_DATA SHOWN_
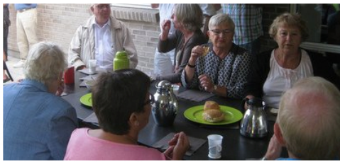
Morgenkaffe og rundstykker på terrassen.
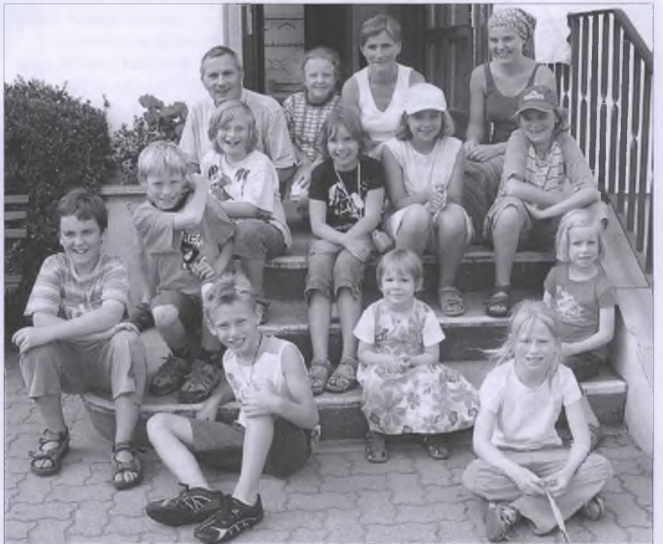
Dobra zhromadnosć džěći a dorosćenych – wobdžělnicy na lońšim serbskim nabožnym tyždźnju we Wukrančicach

Wědomostnicy wotwodžichu ze swojich wobkedźbowanjow daloko sahace prognozy. Woni měnja, zo steji naš swět na spočatku wulkeje nabožneje žołmy. Tuta nastanje prosće z toho, zo maja ći nabožni wjace džěći a wěru swojim džěćom dale dawaja. Njeje pak prajene, zo budže křesćanstwo slušec k dobyčerjam nabožneho rozmacha. Ličba džěći w křesćanskich krajach je niša hač ta w islamiskich krajach. Islam přibywa, dokelž maja swójby wjace džěći.
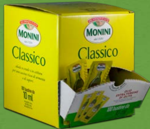
100 bustine da 10 ml

L'innovativo tappo dosatore assicura un uso preciso, pulito e senza sprechi.

_WORK REQUIRED_
Only the lines from the line with "Wědomostnicy wotwodžichu ze" through the final line of the material belong in the answer, copied exactly and without pictures.

_WRITTEN REPLY_
Wědomostnicy wotwodžichu ze swojich wobkedźbowanjow daloko sahace prognozy. Woni měnja, zo steji naš swět na spočatku wulkeje nabožneje žołmy. Tuta nastanje prosće z toho, zo maja ći nabožni wjace džěći a wěru swojim džěćom dale dawaja. Njeje pak prajene, zo budže křesćanstwo slušec k dobyčerjam nabožneho rozmacha. Ličba džěći w křesćanskich krajach je niša hač ta w islamiskich krajach. Islam přibywa, dokelž maja swójby wjace džěći.
100 bustine da 10 ml

L'innovativo tappo dosatore assicura un uso preciso, pulito e senza sprechi.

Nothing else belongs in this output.